Welcome to the documentation for Nougat, a versatile model designed by Meta for transcribing scientific PDFs into user-friendly Markdown format, extracting information from PDFs, and extracting metadata from PDF documents. This documentation will provide you with a deep understanding of the Nougat class, its architecture, usage, and examples.

Overview

Nougat is a powerful tool that combines language modeling and image processing capabilities to convert scientific PDF documents into Markdown format. It is particularly useful for researchers, students, and professionals who need to extract valuable information from PDFs quickly. With Nougat, you can simplify complex PDFs, making their content more accessible and easy to work with.

Class Definition

class Nougat:
    def __init__(
        self,
        model_name_or_path="facebook/nougat-base",
        min_length: int = 1,
        max_new_tokens: int = 30,
    ):

Purpose

The Nougat class serves the following primary purposes:

  1. PDF Transcription: Nougat is designed to transcribe scientific PDFs into Markdown format. It helps convert complex PDF documents into a more readable and structured format, making it easier to extract information.

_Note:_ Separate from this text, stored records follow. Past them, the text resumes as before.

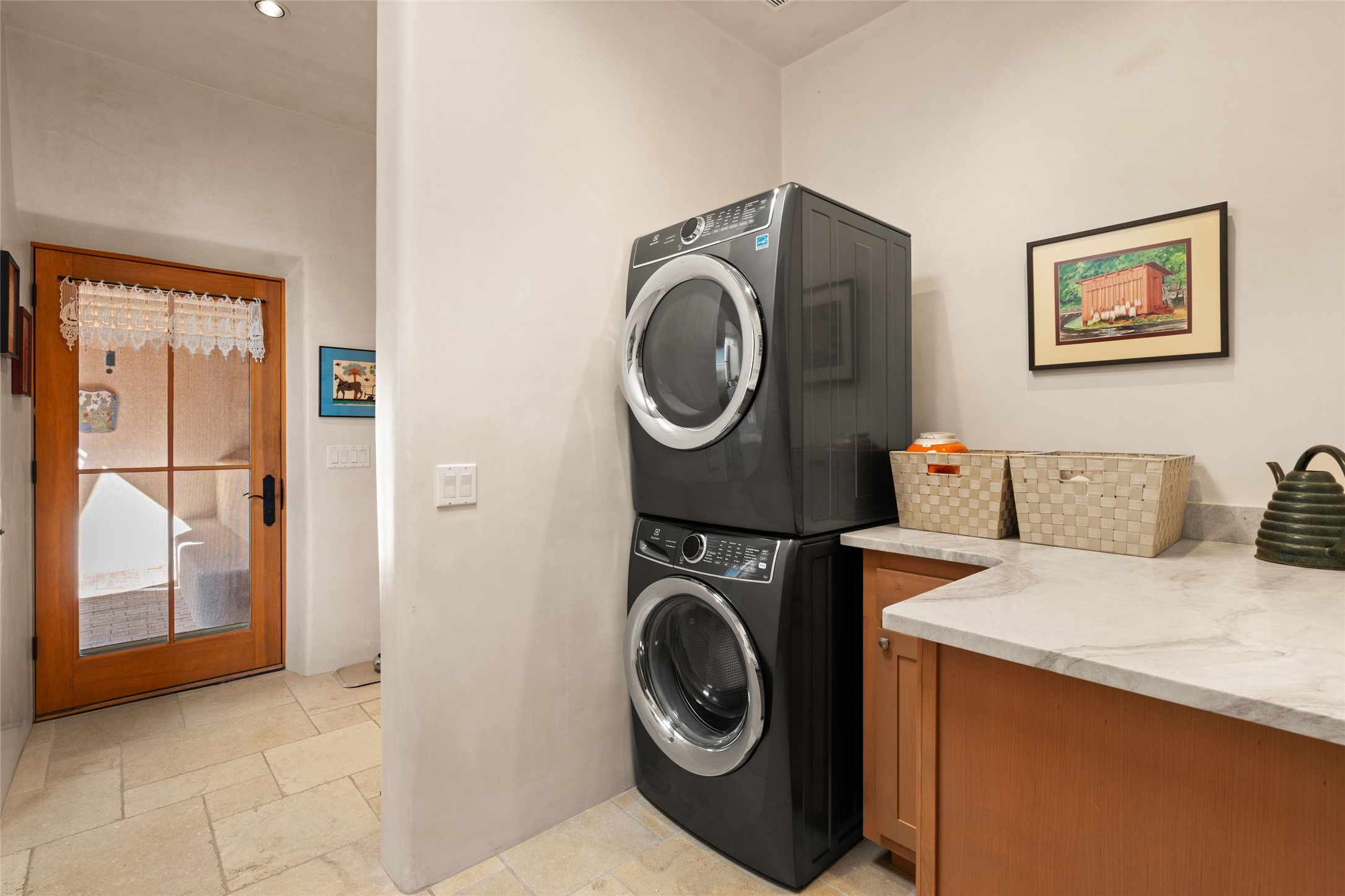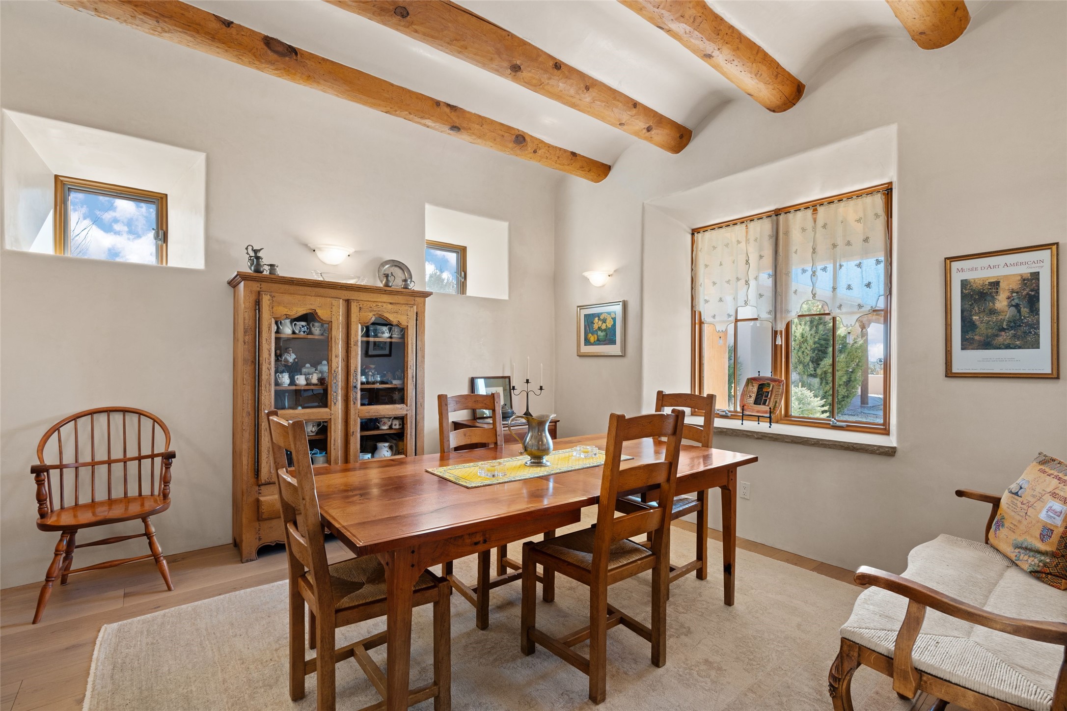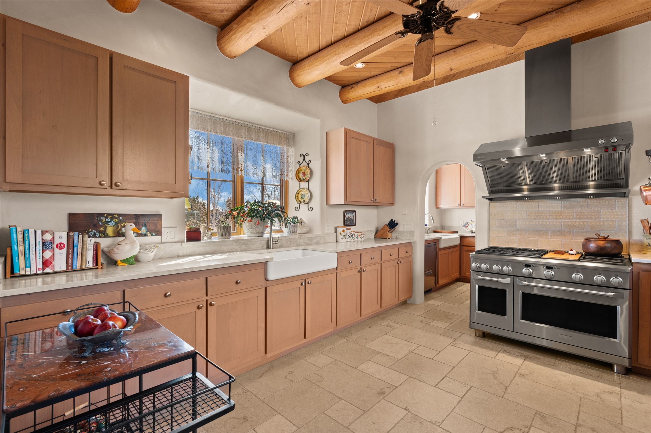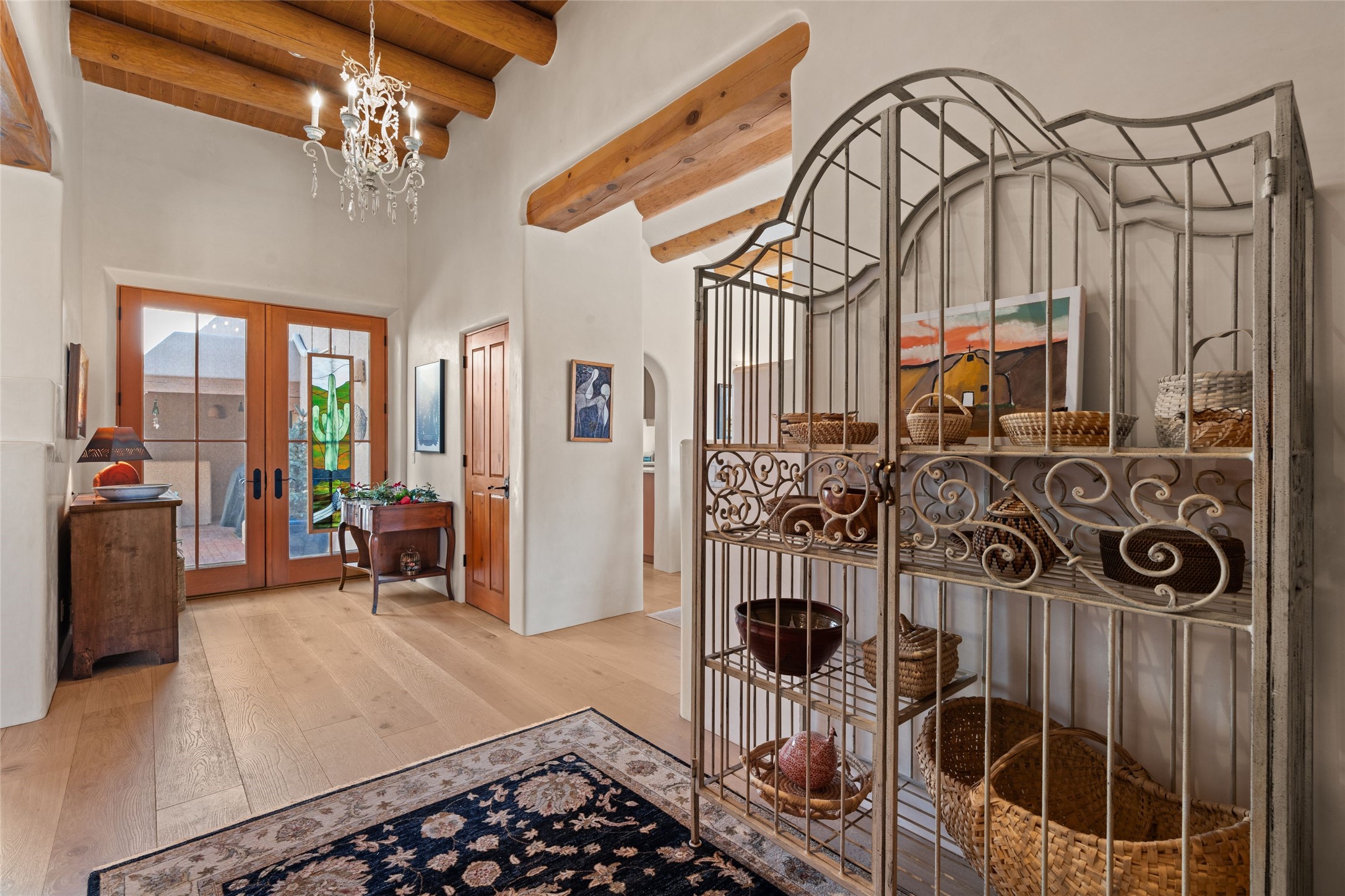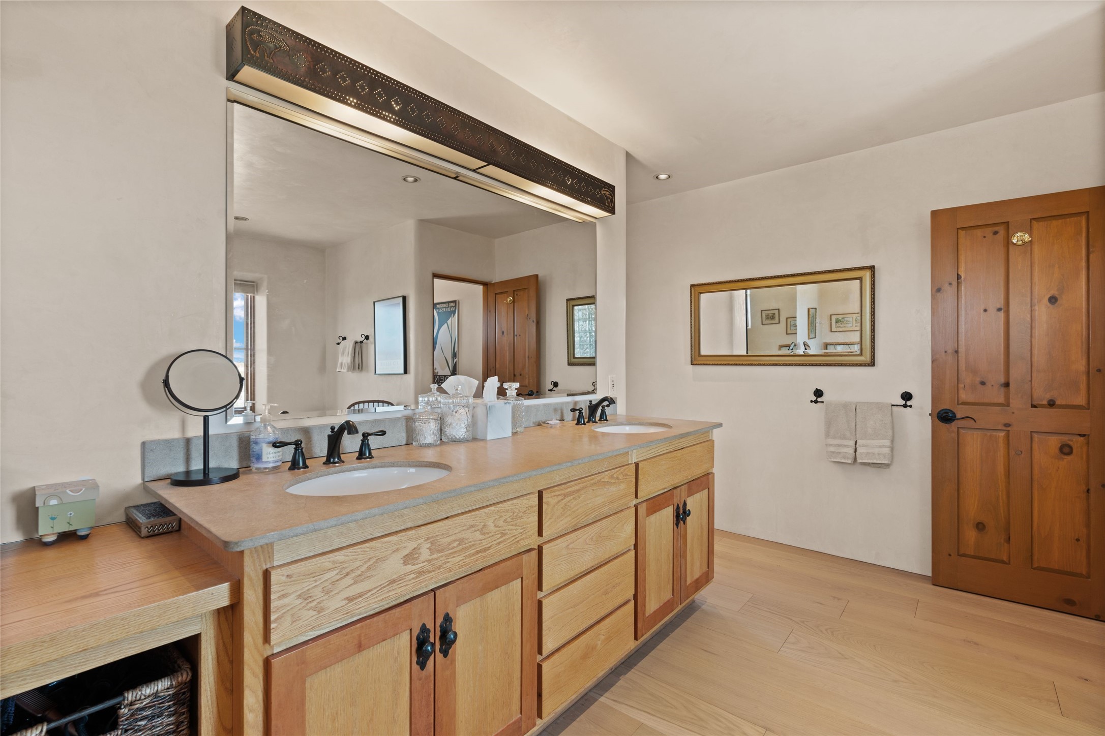 The best horse property in Santa Fe- with panoramic views! A rare find, this pristine equestrian ranch spans nearly 20 acres of breathtaking countryside, offering an ideal retreat for both horses and owners. Framed by the majestic Ortiz, Sandia, Jemez, and Sangre de Cristo mountains, the property provides a serene yet convenient location just 15 minutes from Santa Fe and I-25. Designed and built by renowned builder Will Prull, the custom Pueblo Hacienda welcomes you through a beautifully landscaped front courtyard and a wraparound portal. Inside, a spacious entry foyer opens to an inviting living area with a kiva fireplace, seamlessly connecting to the formal dining room. The well-appointed cook's kitchen, complete with a butler's pantry, offers easy access to a charming interior patio, perfect for indoor-outdoor living. Two guest bedrooms, each with built-in shelving and access to a covered portal, share a luxurious bath--one featuring a sleek fireplace. The private primary suite, has a cozy fireplace and a balcony offering breathtaking views of the estate and surrounding mountains. A beautifully designed one-bedroom guest house complements the main residence, featuring an open-concept living area, kitchenette, and fireplace, all finished to the same high standards. Equestrian enthusiasts will appreciate the immaculate five-stall barn with turnouts, a tack room, and space to expand with an additional five stalls. The barn accommodates up to 600 bales of hay, while a secure 5-foot, non-climb horse safety wire fence encloses the entire property, allowing horses free access. A private 3-acre-foot well, 1120 feet deep, delivers an ample 20 gpm water supply. This extraordinary estate seamlessly blends luxury, tranquility, and equestrian excellence, all within close reach of Santa Fe's vibrant cultural and recreational offerings.
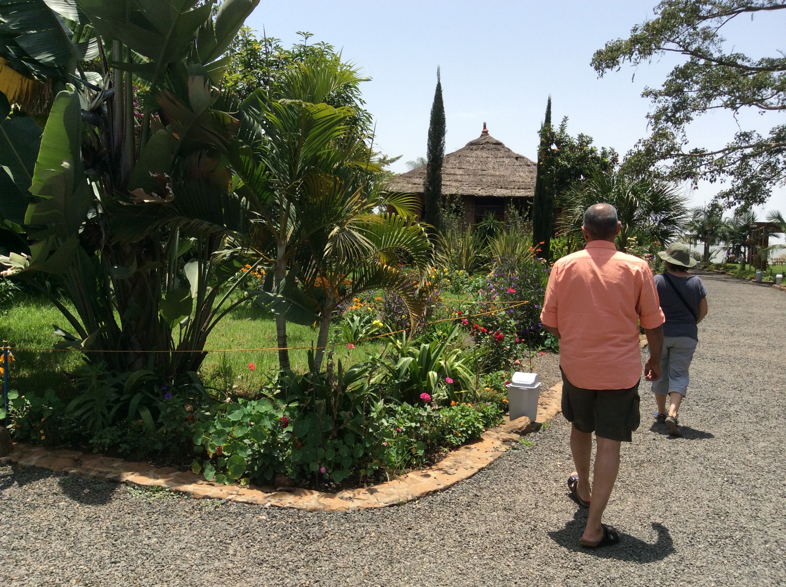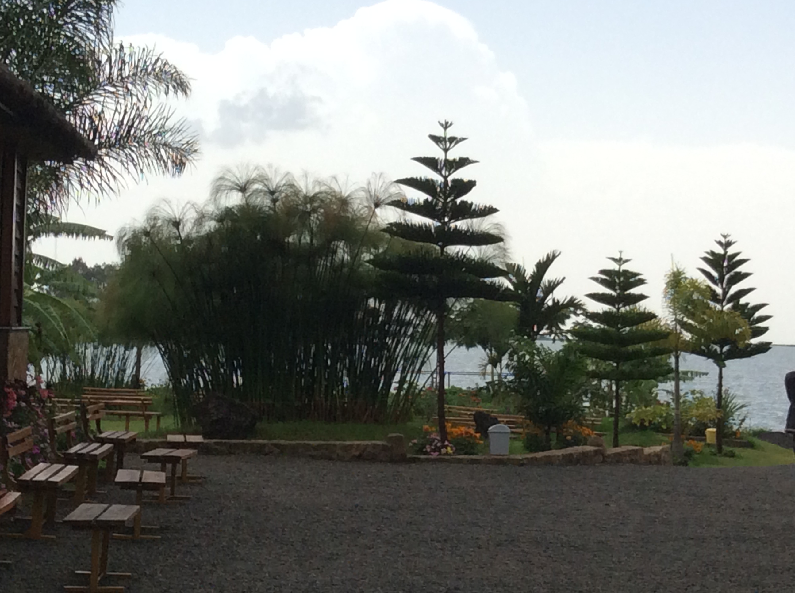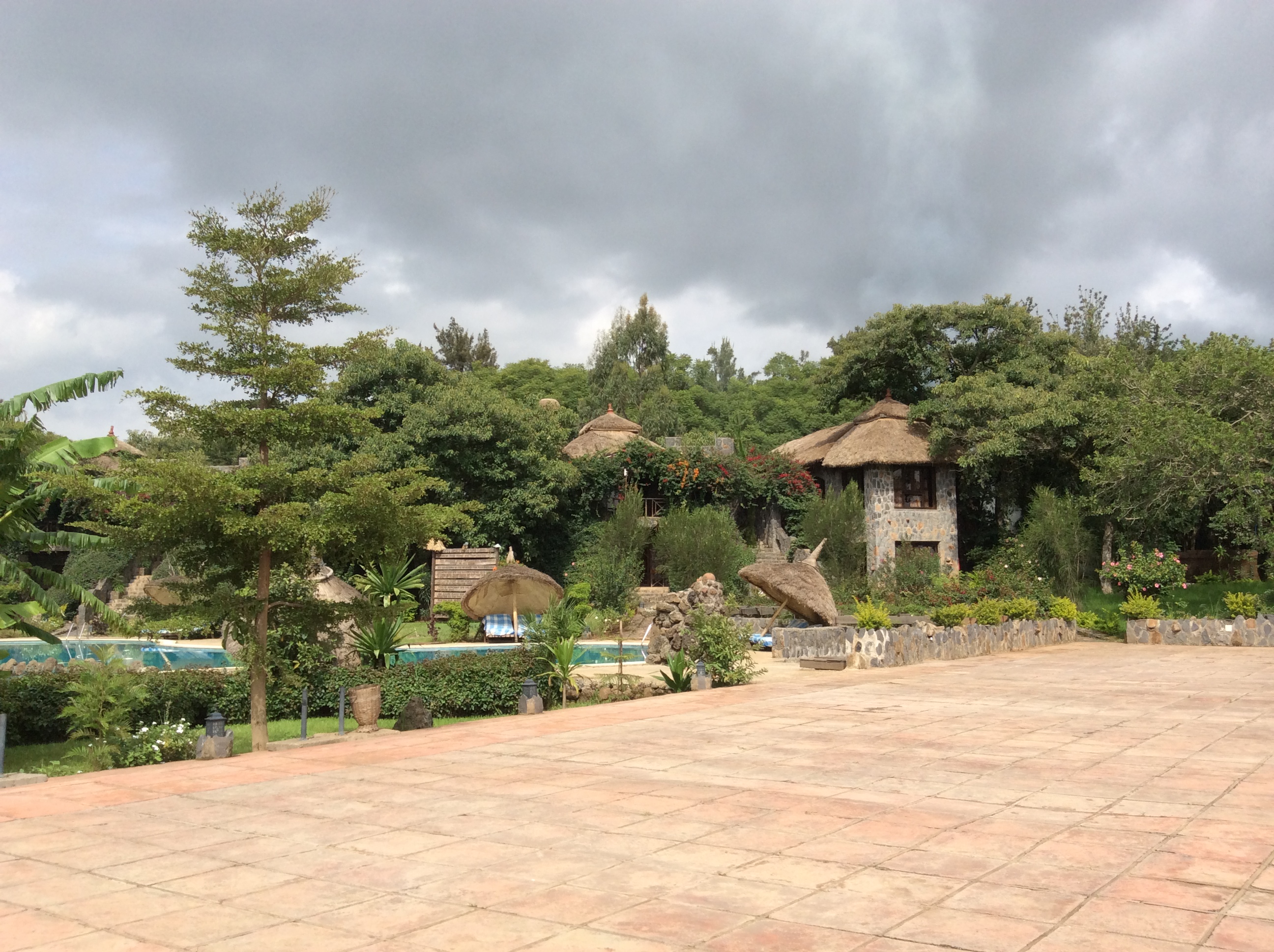 The morning we left Bahir Dar, Alemu took us to this restaurant at a fancy resort on the lake. The owner’s story remains one of those success stories one hears off and on in Ethiopia. He came to the US, worked for a big hotel here, learned the trade, saved his money, returned home, and built a couple of very successful luxury hotels. This is the restaurant at the one in Bahir Dar. All the rooms, the landscaping, everything deliberately duplicates African traditional architecture and gardening, a certain, special atmosphere.
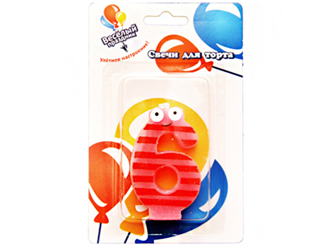 РАСПРОДАЖА Свеча Цифра 6 Веселые глазки
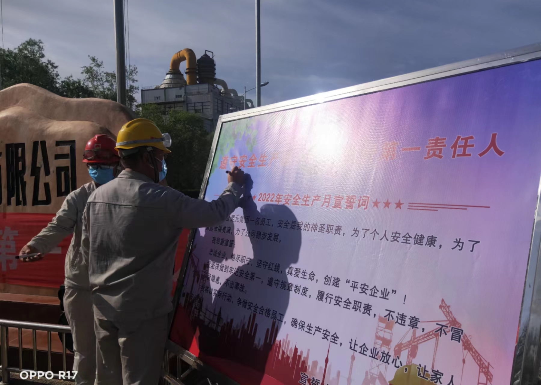 啟動儀式上,安全總監(jiān)帶領全體參會人員進行了莊嚴宣誓,每一位員工都做出了自己對待安全工作的承諾,并簽下自己的姓名。
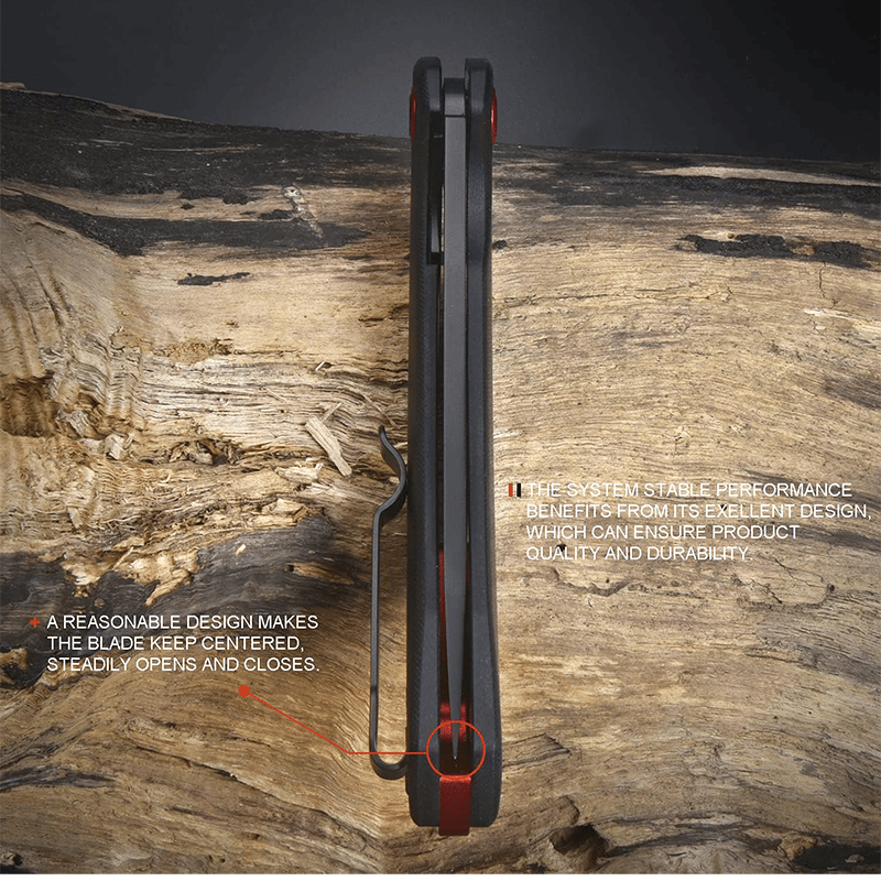 【STYLISH AND COMFORTABLE G10 HANDLE】 We designed the handle of the Gobi to mirror the sleek styling of the blade. The G10 scales are contoured and 3D machined to make the knife look and feel smooth in the hand. A bright red textured backspacer and pivot collar add a pop of color and additional stability to this dynamic looking knife
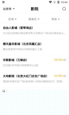 启动软件后,系统将基于地理位置展示周边影院列表。用户可根据日期、影片或特定服务(如可退票标识)进行筛选。
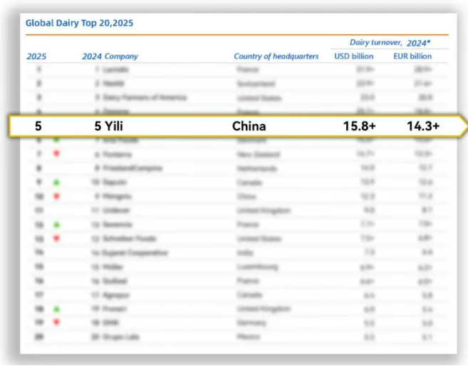 伊利稳居全球乳业五强 连续12年蝉联亚洲第一
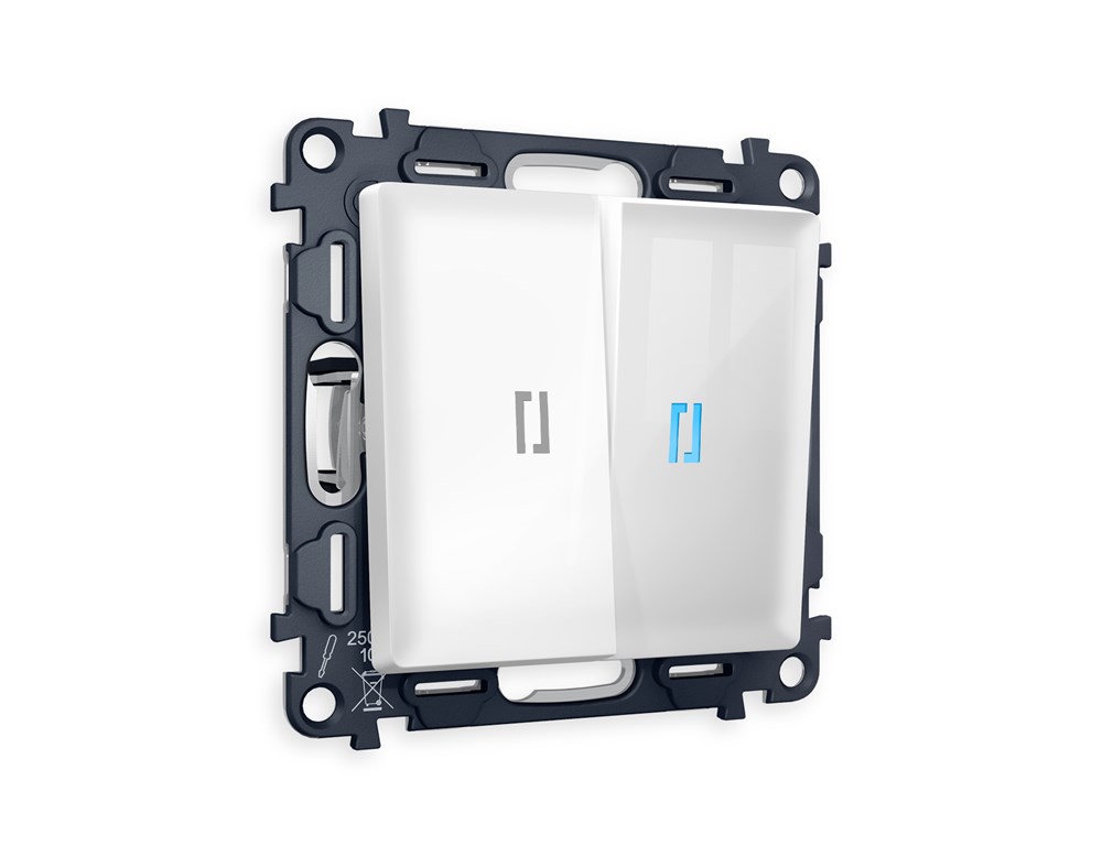 MA104040 Комплект механизма 2-кл проходного выключателя с подсветкой 10000K ALFA Белый глянец QUANT (AP1040, VM120, G29B), AMBRELLA VOLT, MA104040
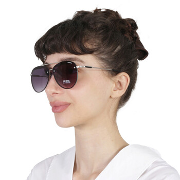 Guess Factory Sunglasses. Series number: GF0386. Color code: 10B. Shape: Pilot. Lens Width: 63 mm. Lens Bridge: 11 mm. Arm Length: 150 mm. 100% UV protection. Non-Polarized. Frame Material: Metal. Frame Color: Shiny Light Nickeltin. Lenses Type: Smoke Gradient. Rim Style: Full-Rim. UPC/EAN code: 889214287878. Guess Factory Smoke Gradient Pilot Ladies Sunglasses GF0386 10B 63.

  2. Information Extraction: It allows users to extract valuable information and content from PDFs efficiently. This can be particularly useful for researchers and professionals who need to extract data, figures, or text from scientific papers.

  3. Metadata Extraction: Nougat can also extract metadata from PDF documents, providing essential details about the document, such as title, author, and publication date.

Parameters

  • model_name_or_path (str): The name or path of the pretrained Nougat model. Default: "facebook/nougat-base".
  • min_length (int): The minimum length of the generated transcription. Default: 1.
  • max_new_tokens (int): The maximum number of new tokens to generate in the Markdown transcription. Default: 30.

Usage

To use Nougat, follow these steps:

  1. Initialize the Nougat instance:
from swarms.models import Nougat

nougat = Nougat()

Example 1 - Initialization

nougat = Nougat()
  1. Transcribe a PDF image using Nougat:
markdown_transcription = nougat("path/to/pdf_file.png")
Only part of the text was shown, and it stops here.